My lastest reply from him after requesting the body back and refusing to sell him my male dragon:



> Hi Amanda,
> 
> You will be keeping the male anyway now that you have ecused me of the cause of her death, im thinking of just re-burying her as you dont deserve the waste of petrol and time for the cheak you have blaming me after all i did for her not to mention the £50 you said you would refund which you wont, you are full of it. You was fine with the male coming to me before i brought this subject so dont feed me with bullsh*t.


----------



## macca 59 (Oct 10, 2007)

dont refund the :censor: and dont blame yourself


----------



## spirit975 (May 15, 2007)

The money doesn`t really come into it to be honest, the offer for a refund has never been withdrawn, i`m just asking for a postmortem to be done first and then will refund him afterwards if the results show that he is not to blame. 
I just hate the thought of him doing what he did to that poor little girl and then blaming me for what has happened. :sad:


----------



## freekygeeky (May 25, 2007)

dont blame yourself you did what you thought was right 


spirit975 said:


> The money doesn`t really come into it to be honest, the offer for a refund has never been withdrawn, i`m just asking for a postmortem to be done first and then will refund him afterwards if the results show that he is not to blame.
> I just hate the thought of him doing what he did to that poor little girl and then blaming me for what has happened. :sad:


----------



## fairee (Dec 30, 2007)

whoever that guy is i'd like to give him a smack :bash:


----------



## spirit975 (May 15, 2007)

fairee said:


> whoever that guy is i'd like to give him a smack :bash:


Glad i`m not the only one then, its reassuring to see that so many people agree that forcefeeding a sick BD to that extent would cause harm.
He is denying any responsibility and saying he was doing right.:bash:


----------



## snowyj99 (Feb 28, 2008)

Sorry about what has happened! 

Definately don't blame yourself! you explained everything to him!! You said she was on the up!

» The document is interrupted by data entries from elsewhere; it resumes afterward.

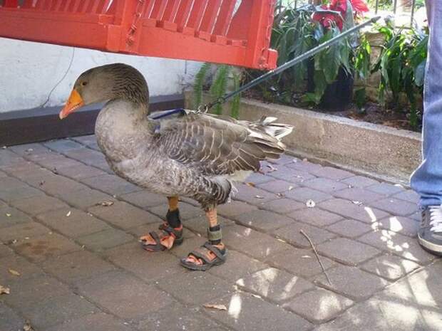 Знакомьтесь, домашний гусь по имени Gator. Живет этот модник во Флориде. Хозяева, очень часто гуляют со своим питомцем по городу, а там ведь сплошной бетон. Вот и решили заботливые владельцы одевать на гуся сандалии.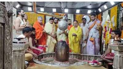 उज्जैन । विश्व प्रसिद्ध श्री महाकालेश्वर मंदिर में आज चैत्र कृष्ण पक्ष की अमावस्या तिथि पर सोमवार तड़के भस्म आरती के दौरान चार बजे मंदिर के पट खुलते ही पण्डे...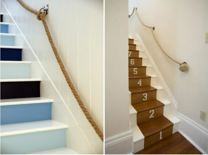 L’autre jour en lisant un vieux numéro de la revue Dwell, je suis tombée un escalier super simple mais tellement parfait pour des enfants. La rampe est une grosse corde, qui donne envie de s’y agriper et de grimper.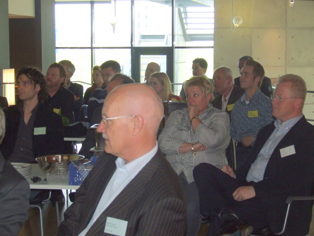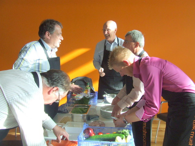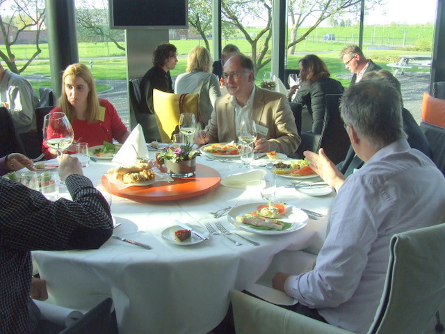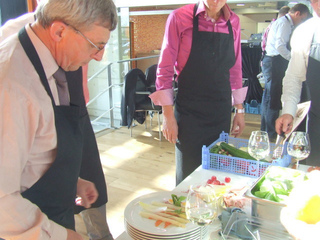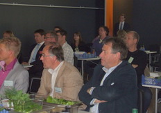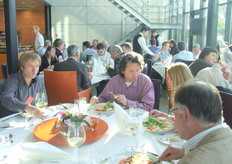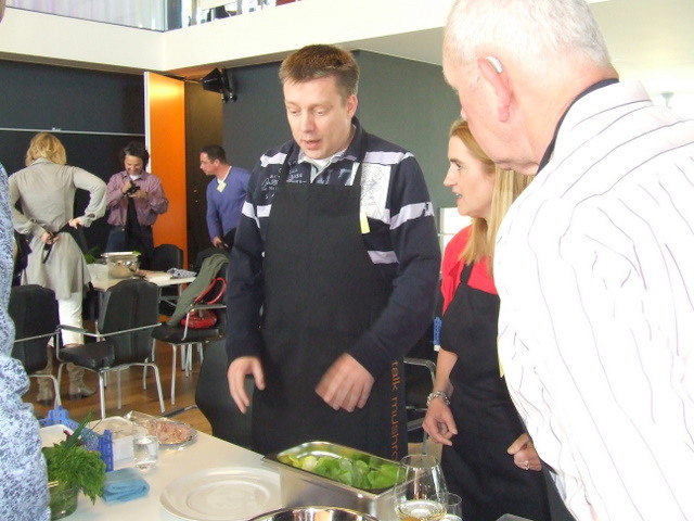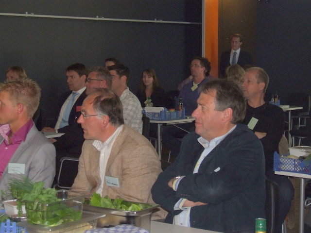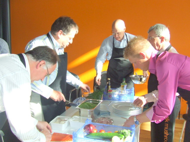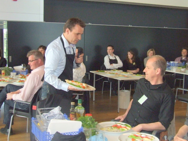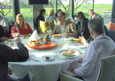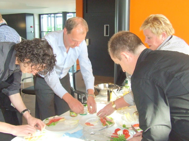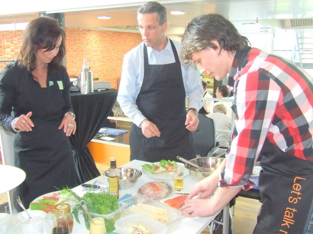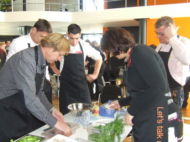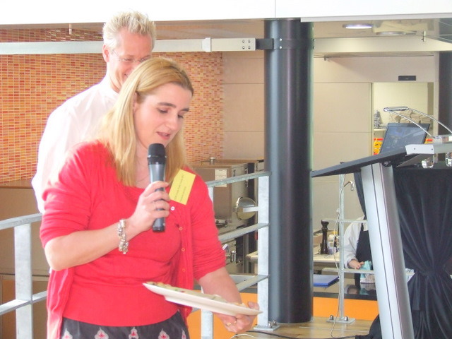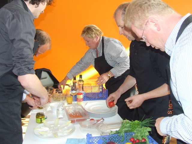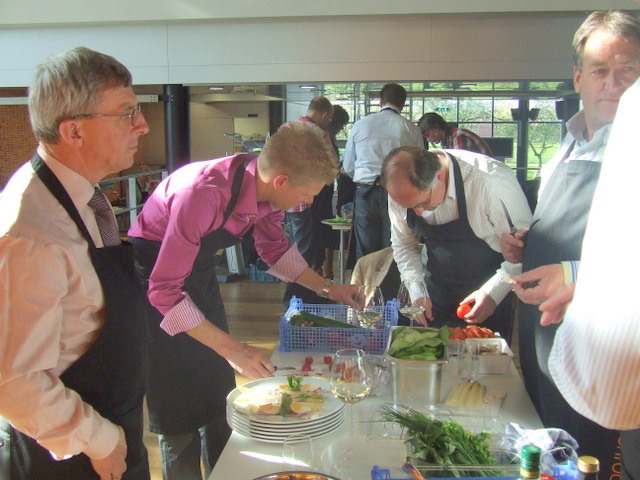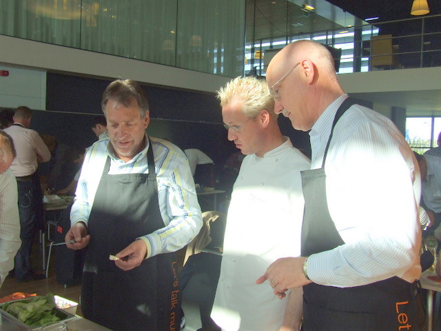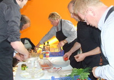 alle teamcaptains geven uitleg over hun gemaakte voorgerecht. Hier geeft Ger Kamps van Flora Holland uitleg.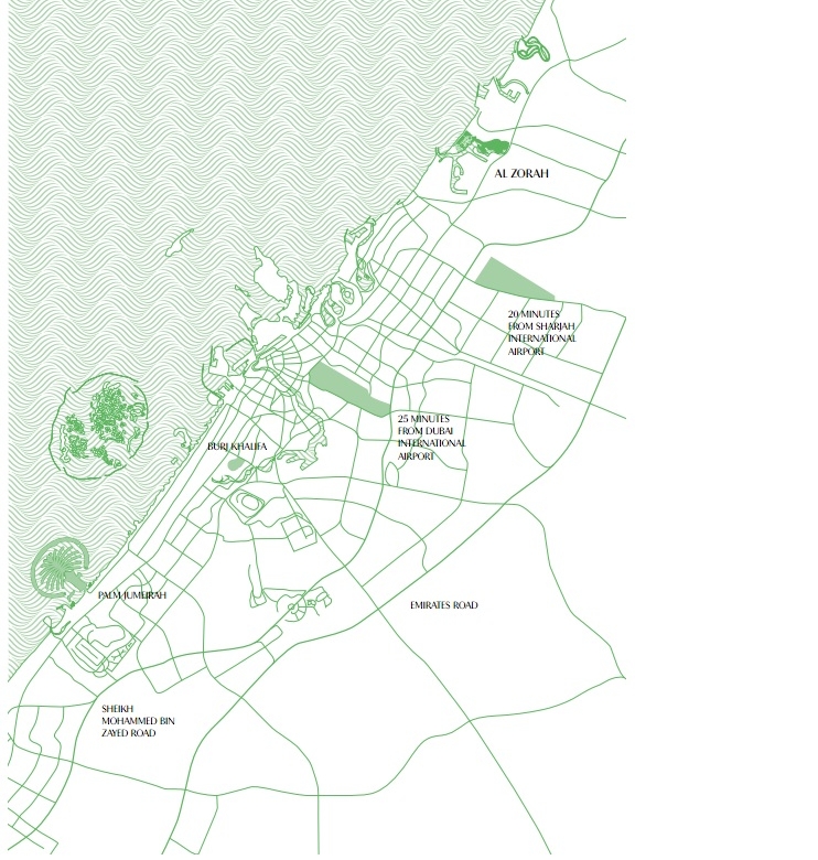 Al Zorah is a vibrant, master-planned destination rich in natural beauty and modern sophistication. The city offers: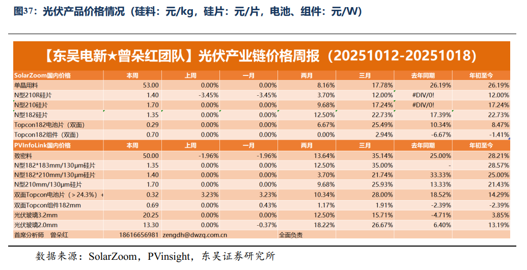 展望四季度,随着十月起需求开始回落,部分企业反映订单不及预期。预计下半月在国内整体需求逐步收窄的情况下,组件价格将大致维持稳定。至 11-12 月,随着需求进一步减弱,市场关注焦点将转向明年一季度订单的签订与生产安排,部分企业可能提前规划排产以衔接新年度需求。
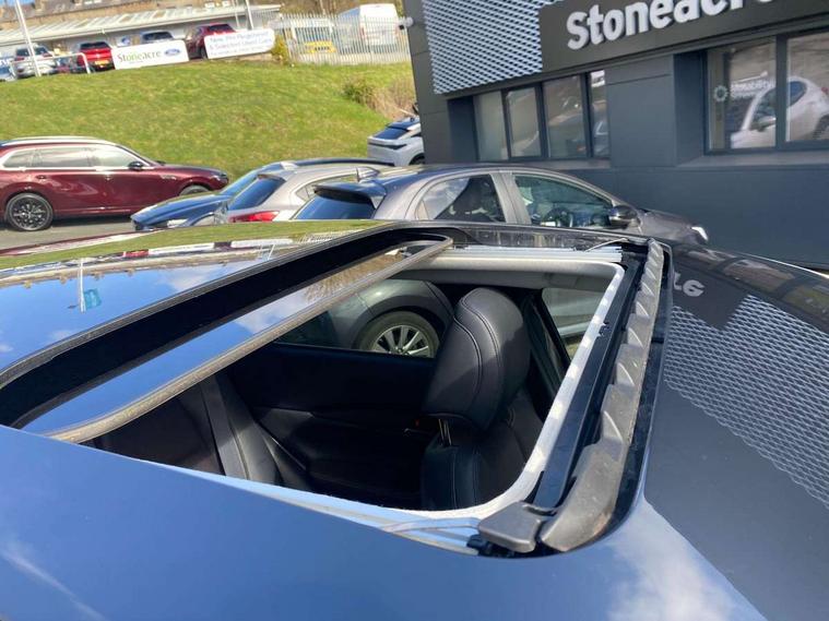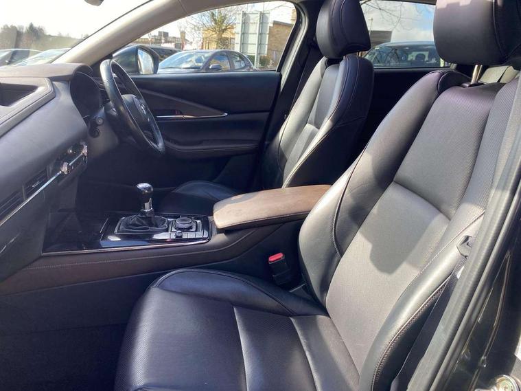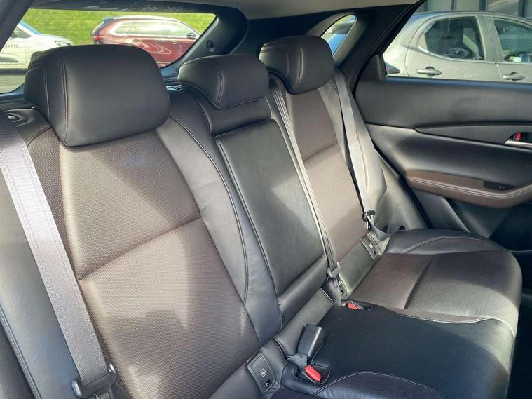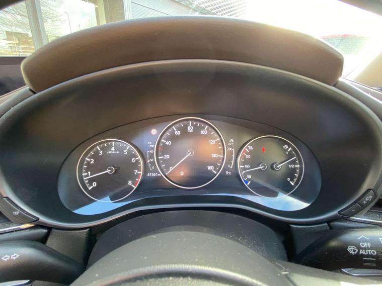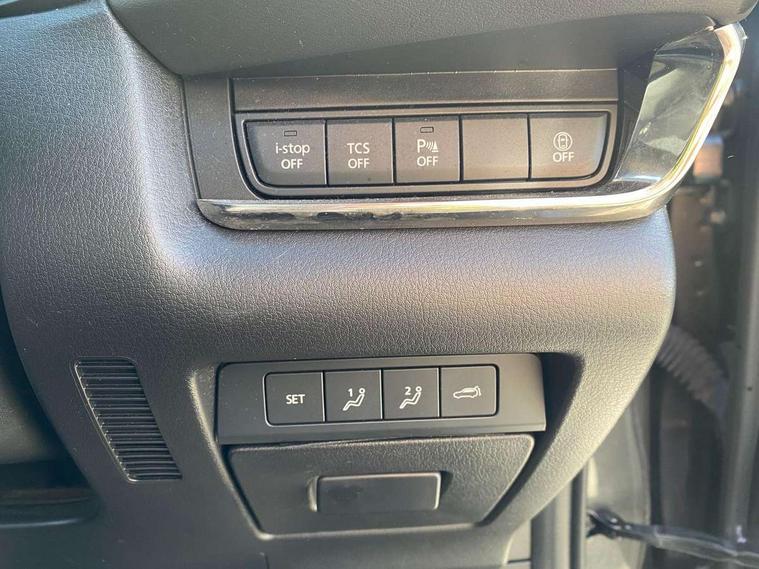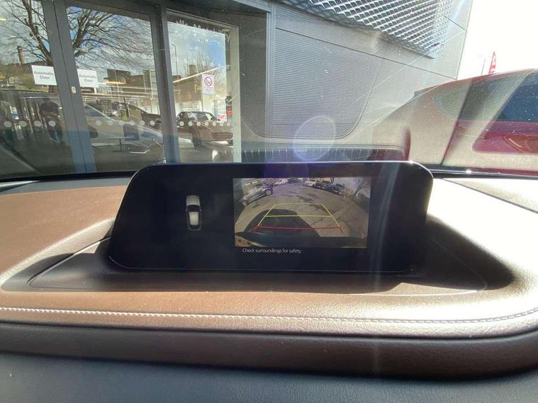 7" TFT Colour driver instrument panel display, 8.8" Colour centre touch screen display with Mazda Connect infotainment, Adaptive cruise control (Mazda radar cruise control), Apple car play/Android Auto, Blind spot monitoring with rear cross traffic alert, Driver attention alert system, E-call with GPS, Emergency stop signalling system, Engine start/stop button, Front and rear parking sensors, Integrated bluetooth, Integrated Mazda navigation system, Intelligent speed assist, Lane keep assist system (LAS) with Lane departure warning system (LDWS), PAS, Power lift gate, Reversing camera, Service indicator, Trip computer, Window projected colour active driving display (head up display) with traffic sign recognition, i-stop, 2 USB charging ports, Bose surround sound system with 12 Speaker, Bose center point, Bass match and audio pilot technology, DAB Digital radio, Multimedia Commander including separate volume dial, Steering wheel mounted audio/bluetooth controls, Adaptive LED Headlights, Auto dimming driver's door mirror, B-pillar and C-pillar garnishes in piano black finish, Body coloured, electrically adjustable, heated auto power folding door mirrors with integrated indicators, Coming/leaving home lighting function, Door mirrors with tilt-down function when reversing, Dual chrome exhaust, Dusk sensing headlights, Electric front/rear windows with one touch auto up/down, Frameless auto dimming interior rear view mirror, Front grille in piano black finish, Front kodo turn signal, High beam assist, Piano black rear roof spoiler, Power tilt/slide sunroof, Privacy glass (rear side windows and rear screen), Rain sensing front wipers with adjustable speed and intermittent wipe, Rear fog lights, Rear wiper, Signature front LED daytime running lights, Signature LED rear combination lights with LED rear turn lights, 60/40 split fold down rear seats, Chrome centre bezel steering wheel, Chrome horn pad ring, Dashboard, door cards and front centre armrest in rich brown leather, Driver and front passenger visors with covered vanity mirror and driver ticket holder, Driver seat memory function, Driver's seat, power tilt, slide, recline, height and lumbar adjustment, Driver, Front passenger and two rear grab handles with coathooks, Dual zone climate control air conditioning with rear air vents, Electrical power outlet, Folding rear centre armrest with two cup holders, Front and rear (x3) head restraints, Front and rear door pockets, Front and rear LED lighting, Front armrest, Front centre storage with two cupholders, Front passengers seat manual slide, recline and height adjustment, Gear shift indicator, Glove box handle with chrome surround, Glovebox illumination, Heated front seats with 3 stage setting, Heated steering wheel, ISOFIX child seat anchorage points attached on outer rear seats, Leather upholstery with interior accents, Leather wrapped gear shift knob, Leather wrapped steering wheel with telescopic and tilt adjustment, Luggage compartment light, Rear passenger seat map pockets, Roof mounted sunglasses holder, Vinyl leather door panel inserts, 3 point ELR front seat belts x2 with pretensioners, 3 point ELR rear seat belts, Anti-lock braking system (ABS), Driver/Front Passenger airbags, Drivers knee airbag, DSC - Dynamic Stability Control, Electronic parking brake with auto disengage function and auto hold function, Front and rear curtain airbags, Front passenger airbag cut-off switch, Front side airbags, Front smart city brake support, G-Vectoring control plus, Hill launch assist, Mild Hybrid system with regenerative braking, Seatbelt reminder for driver/front passenger and rear seats, Traction control system (TCS), Tyre pressure monitoring system (TPMS), Remote central locking with deadlocking and automatic door lock when driving, Smart keyless entry, Thatcham accredited alarm and immobiliser, 18" Bright silver metallic alloy wheels, Emergency tyre repair kit,

So that suggests it was his fault that she went down hill!! And He lead you to believe that he knew what he was doing! 

Thats not your fault!! Its the :censor: who took her!!

Dont take S**t off of him! 

Take care and DON'T BLAME YOURSELF!


----------



## macca 59 (Oct 10, 2007)

Join the queue! :censor::censor::censor:


----------



## spirit975 (May 15, 2007)

And another one just arrived....
sorry folks, i`m just so peed off at the moment



> There you go again ecusing me and you wonder why im being rude...How would you feel if i ecused you of putting her in that state in the first place huh? Maybe i should report you to the RSPCA and then see whos looking after their pets properly yea??


----------



## sparkle (Mar 21, 2007)

thats awful but what matters here is NOT whos fault it was surely... its the cause of death and WHY she was sick in the first place and what finally killed her.. its obvious she was acting odly before she went.. maybe after al it wasnt even brumation.. without a trip to the vets prior to the beardie leaving there may NEVER be any way of knowing now... thats unless he releases her body to you...


so the ONLY way that blame can be laid at one or other door or noones door is a post mortem..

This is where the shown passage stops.